Published: November 7, 2012 

The line to vote at Faith Methodist church in Lexington stretched close to the nearby woods on Tuesday afternoon. There were complaints at many polls about the extreme wait times to cast a ballot.

Tim Dominick — tdominick@thestate.comBuy Photo

— Voters across South Carolina turned out in droves in Tuesday’s presidential election, but many waited hours to cast ballots, and Richland County appeared to have the most problems – with some voters in line until past 11:30 p.m.

The most complaints came from Richland County residents, said Chris Whitmire, a spokesman for the S.C. Election Commission.

Richland has about 1,000 voting machines but deployed no more than about 800 in the field, deputy election commission director Garry Baum said late Tuesday. Many of those not used are broken, Baum estimated. As of 11:30 p.m., 24 of the county’s 124 precincts still had not reported voter totals.

Many Richland County voters spent up to seven hours in line at precincts that they said didn’t have enough working voting machines to handle the crush of people. Voters in at least two precincts – Ridge View and Keels – were still in line to vote at about 11:30 p.m., more than four hours after polls closed, officials said.

“I feel disenfranchised by this mess,” said David Eddy, a Northeast Richland County voter. “Heads should roll for preventing working people from voting.”

Lillian McBride, voter registration and election commission director in Richland County, blamed the county’s previous election director for failing to leave adequate records for her staff to determine how many machines were needed in some precincts. McBride replaced Mike Cinnamon as election commission director in 2011.

“We didn’t have any records from the previous administrator who was here,” McBride said. She said the county provided the required number of machines, but in some precincts did not provide extra machines that could have helped move voters faster.

Reached at his home Tuesday night, Cinnamon said he left adequate information for the county after he retired last year.

“I’ve been gone since July of 2011 and I have yet to talk with anyone from that office,” he said. “I left information in that office that, if it wasn’t thrown away, they should have been able to find it. It’s easy to dump it on somebody else that was there before.”
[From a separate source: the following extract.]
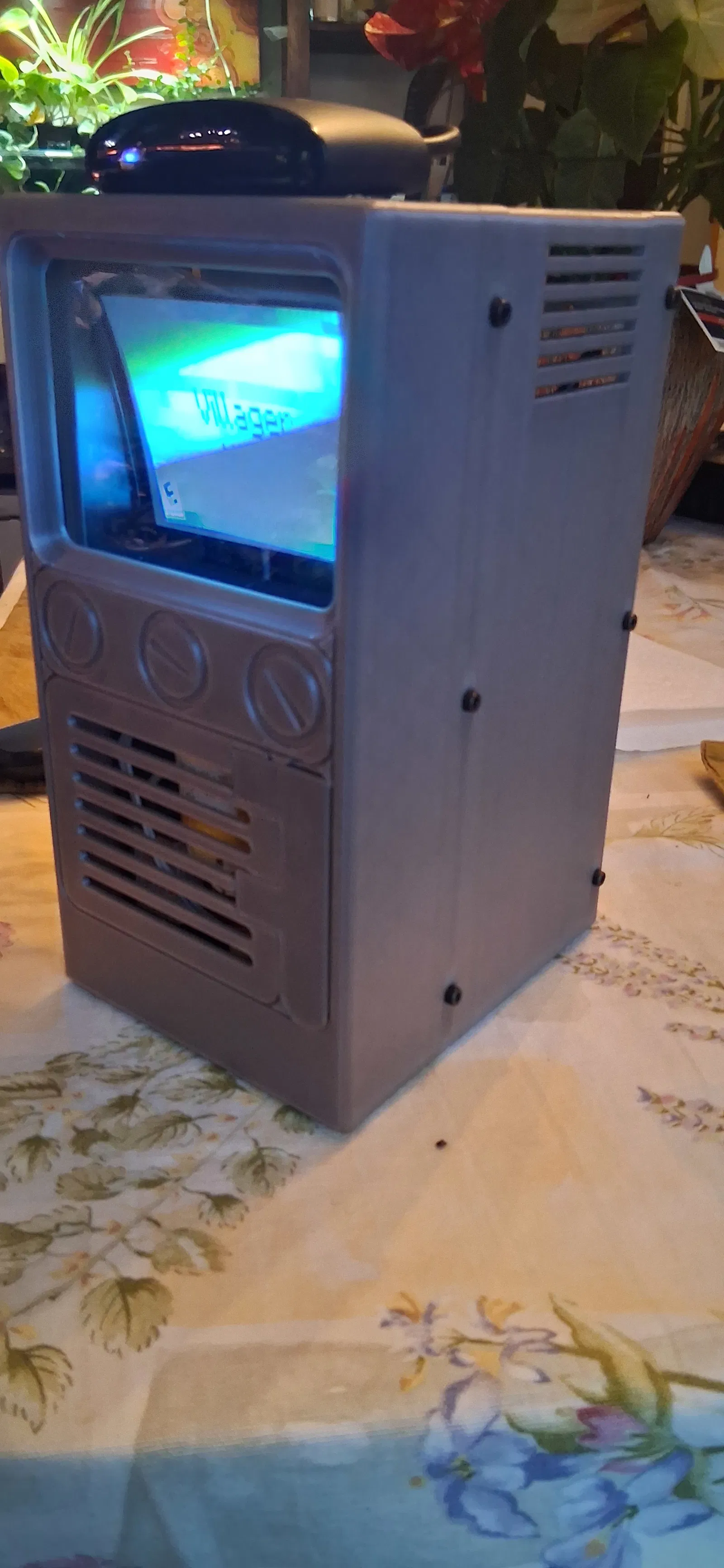 Mẫu vỏ cho màn hình CRT 4" mua trên Amazon, có chừa không gian để gắn pin, loa và linh kiện phụ. Lắp ráp đơn giản: cố định CRT bằng 6 ốc M3x12, bố trí loa phía sau và đặt Roku lên trên housing chính.

Poll workers told The State that the A.C. Moore, Keenan, Dutch Fork and Pontiac precincts had fewer machines than in past elections, while the Pinehurst Park, Riverwalk and the Oak Pointe precincts were among those where voters said machines did not operate at times during the day.

McBride said many people may have assumed machines didn’t work or some precincts didn’t have enough machines, when in fact, they were the victims of heavy voter turnout. “I’ve heard some of the rumors that were going,” she said. “They were not true.”